D: Peter Glenville

Paramount (Hal B. Wallis)

UK/USA 🇬🇧 🇺🇸 1964

148 mins


W: Edward Anhalt [based on the play "Becket or The Honour Of God" by Jean Anouilh 

DP: Geoffrey Unsworth

Ed: Anne V. Coates

Mus: Laurence Rosenthal

PD: John Bryan & Maurice Carter

Cos: Margaret Furse

Richard Burton (Thomas Becket), Peter O'Toole (King Henry II), John Gielgud (King Louis VII), Paolo Stoppa (Pope Alexander III), Donald Wolfit (Gilbert Foliot), Martita Hunt (Empress Matilda), Pamela Brown (Eleanor of Aquitaine)

A biopic of 12th Century figure Thomas Becket, focusing on his (almost homoerotic) friendship with King Henry II until his death and martyrdom.

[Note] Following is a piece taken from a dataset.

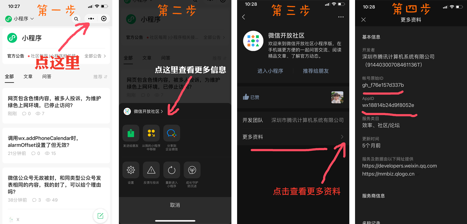 找到你想要跳转的小程序,点击右上角三个点,然后弹出小程序信息的弹窗,进入小程序的页面,点击更多资料,即可以看到小程序的AppID和原始ID。然后复制AppID或原始ID到步骤一去搜索。下面我用微信开放社区小程序举个例子,告诉大家如何找到微信小程序的AppID。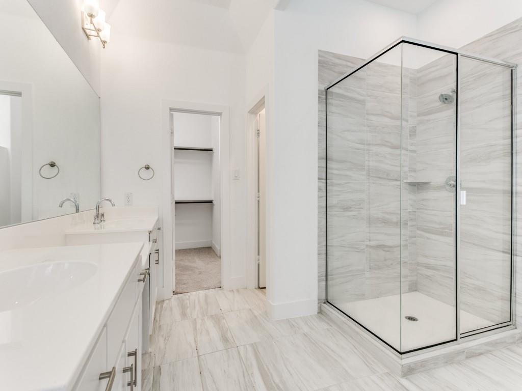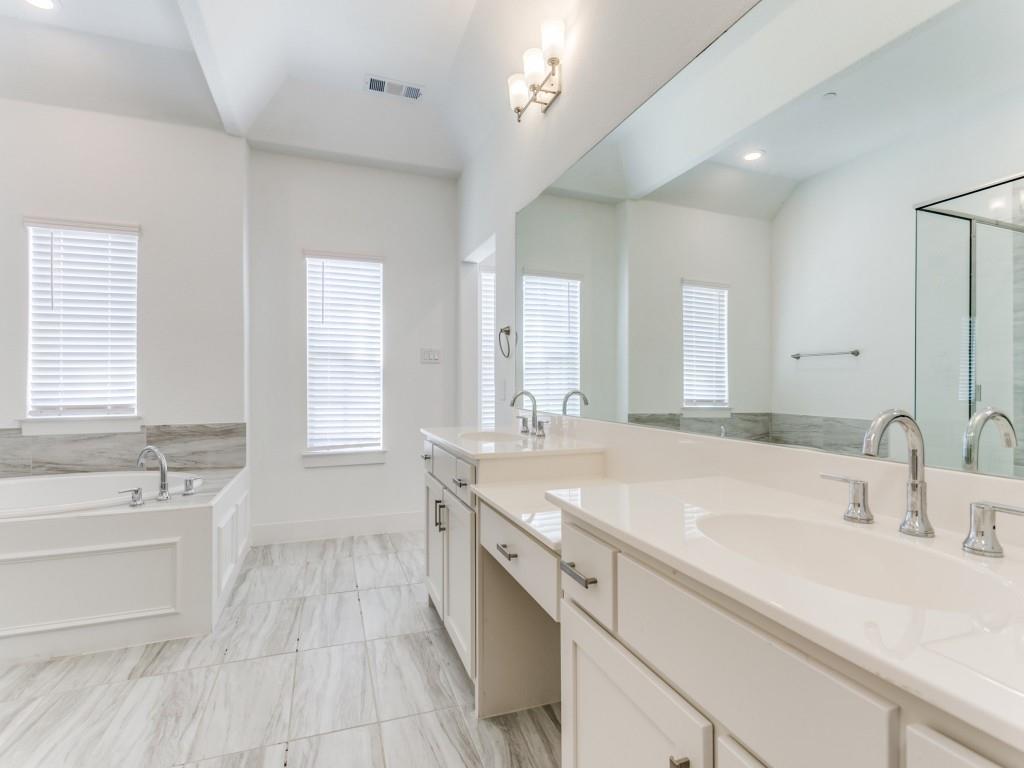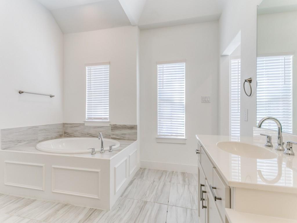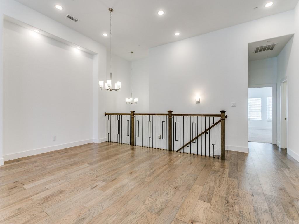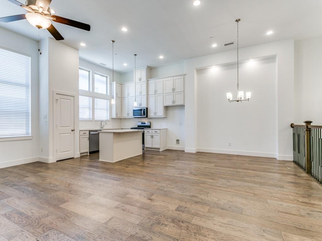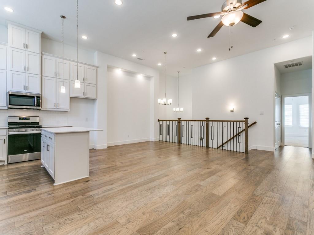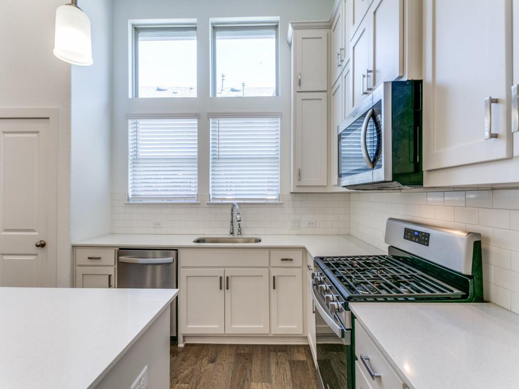 Almost New townhome in GATED community! Half-mile hike and bike trail + park area! Close proximity to Business 121, I-35, and DFW Airport. Engineered hardwood, farmhouse sink & EnergyStar features! First floor features soaring ceilings, laundry, 2 beds & 1 bath, garage & patio access. Spacious, open concept second floor living & kitchen area are great for entertaining. Kitchen features quartz countertops, stainless steel appliances, a pantry, island, and gas cooktop. Large master suite boasts a luxurious spa-like bathroom with a garden tub, walk-in shower, dual sinks, and large walk-in closet.

The film begins with the two men as inseparable friends, as the King whores his way through life, treating the peasants as he wishes and generally doing whatever he wants as Becket stands by as his Lord Chancellor and trusted aide. As a token of jest, the King encourages Thomas Becket to be the next Archbishop of Canterbury, assuming he can have control of both the country and the church, but their friendship deteriorates when Becket takes the position seriously and won't allow himself to be corrupted by his king, leading to his subsequent death and sainthood.

Though the plot would be better suited for the stage, the acting performances on display in this film make for a fine watch, especially the two leads who were both rewarded with Oscar nominations for their work. Peter O'Toole did such a fine job as King Henry II, he would go on to play the same character just four years later in The Lion In Winter.

One minor drawback is how dated the production design and sets look, not once convincing that the film is taking place in the 1100's England, although this is quite forgivable considering the film's age.


Peter O'Toole & Richard Burton in Becket
Peter O'Toole & Richard Burton in Becket
Did You Know:
The play, and this movie, are riddled with factual inaccuracies. Jean Anouilh had based his original play on an 1890 history that presumed Becket was a Saxon. Anouilh only learned the truth after he'd completed the play. He decided to leave it as is, because he said it made for a better story with Becket as a Saxon.